■ Problem requirements ■
Would you find each line in the entries below with the string "machine" and copy it?
*** Data to process
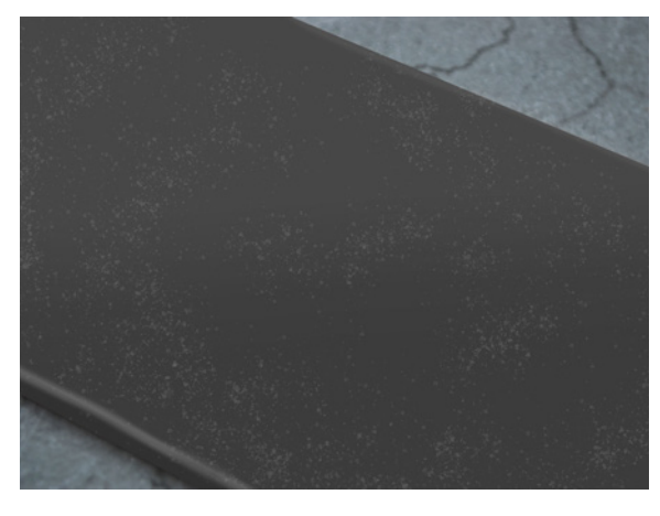
Metal parts will collect dust

All metal parts are powder coated wich is a very durable surface treatment. The maintenance for metal parts only consists of cleaning. The cleaning can easily be done by whiping surfaces of with water and a cloth.
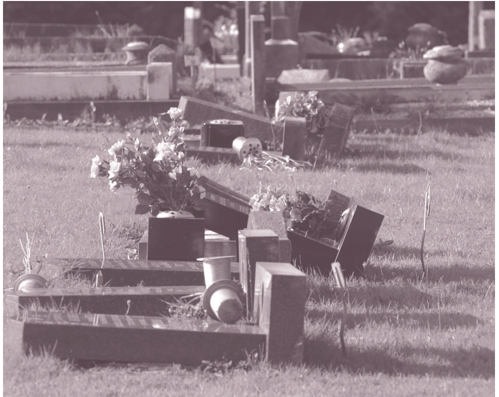
Result of health and safety testing in cemeteries

Desecrated. 372 tombstones felled ... but not by louts ... this time it's council morons. The Sun 8 September 2004 on testing by Camarthenshire County Council.
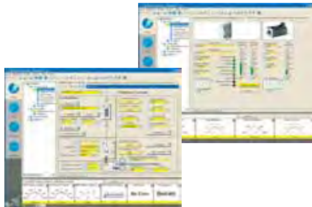
User interfaces in L-force Engineer
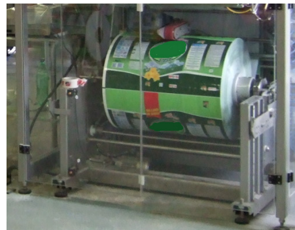
view lifting device in a ROVEMA form, fill and seal machine

We will gladly issue an offer for installation and commissioning (duration approx. 1 day plus travel time) on site at your ROVEMA machine. The lifting device can be retrofitted on all ROVEMA form, fill and seal machines (also if integrated in a SBS or CMV machine).
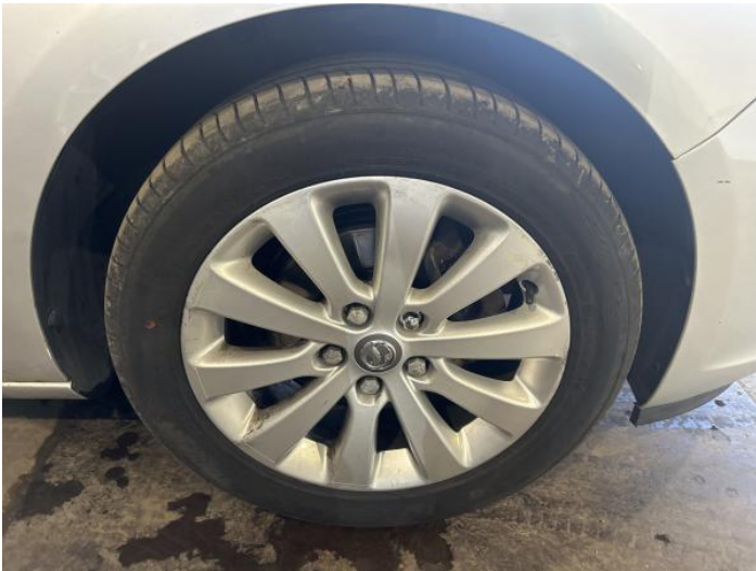
1: Wheel of Scratched Over 50mm
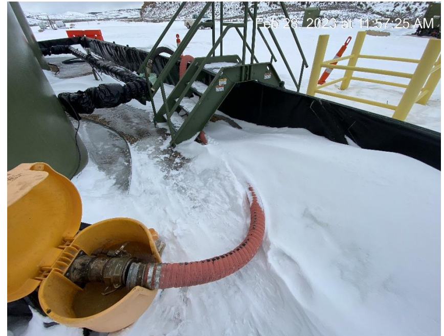
Hoses not in use.
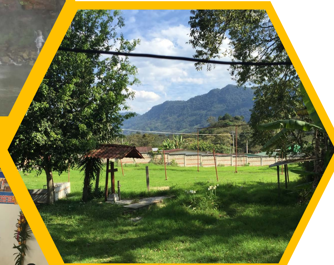
View of Los Altos - The Highlands – from the Colegio 2
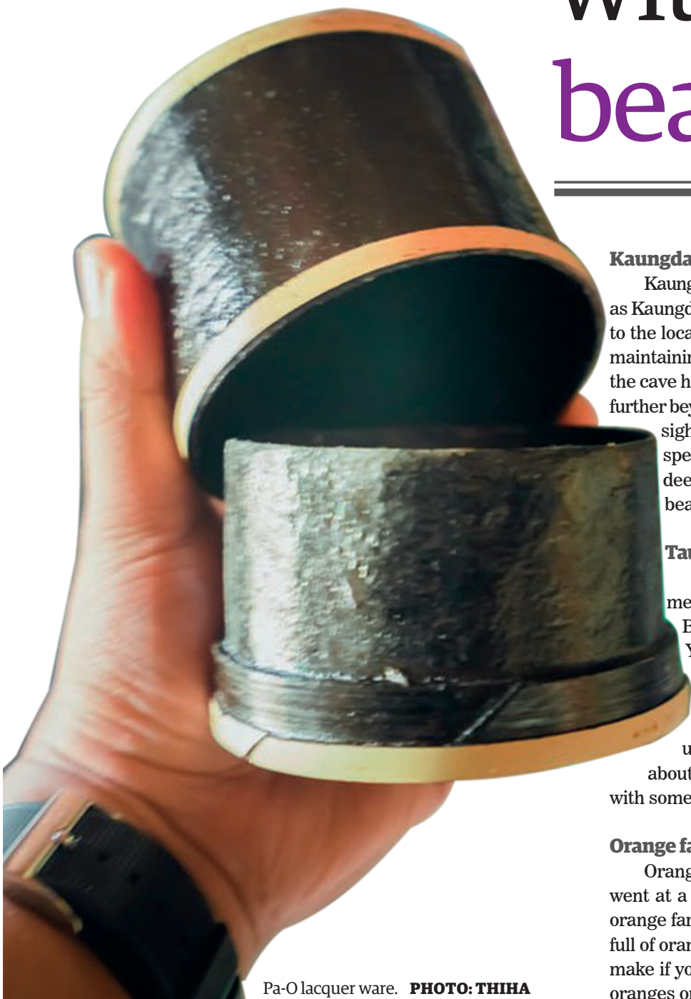
Pa-O lacquer ware.

Oranges from Pinlaung were good. Even though we went at a time when it was not available, we visited an orange farm. During winter time, the orange tree will be full of oranges. A visit to an orange farm is one you must make if you ever made it to Pinlaung whether there are oranges or not.
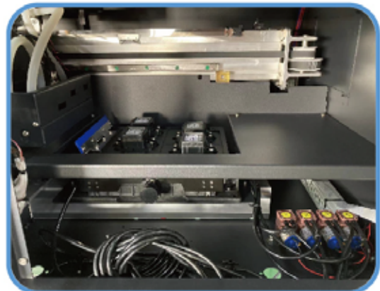
Stable Hoson electronic board with auto cleaning system.
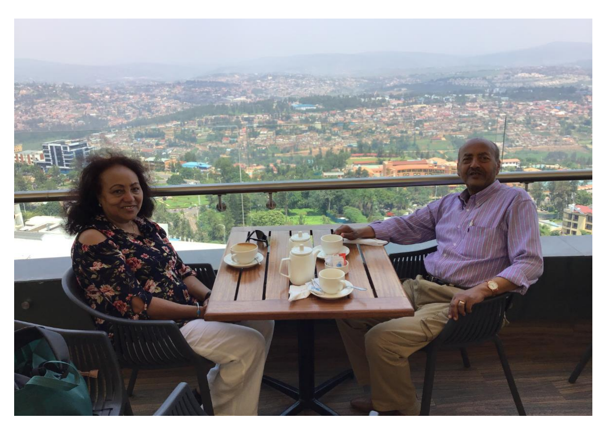
Partial view of Kigale from a the top floor of a high tower
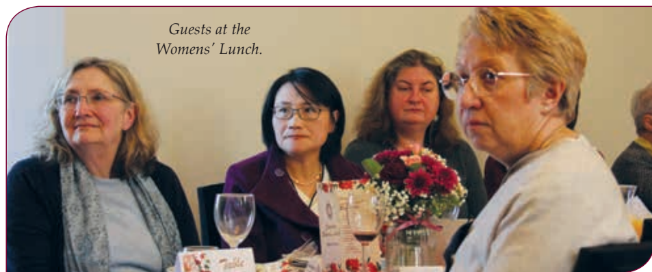
Guests at the Womens' Lunch.
******
■ Output below ■
view lifting device in a ROVEMA form, fill and seal machine
We will gladly issue an offer for installation and commissioning (duration approx. 1 day plus travel time) on site at your ROVEMA machine. The lifting device can be retrofitted on all ROVEMA form, fill and seal machines (also if integrated in a SBS or CMV machine).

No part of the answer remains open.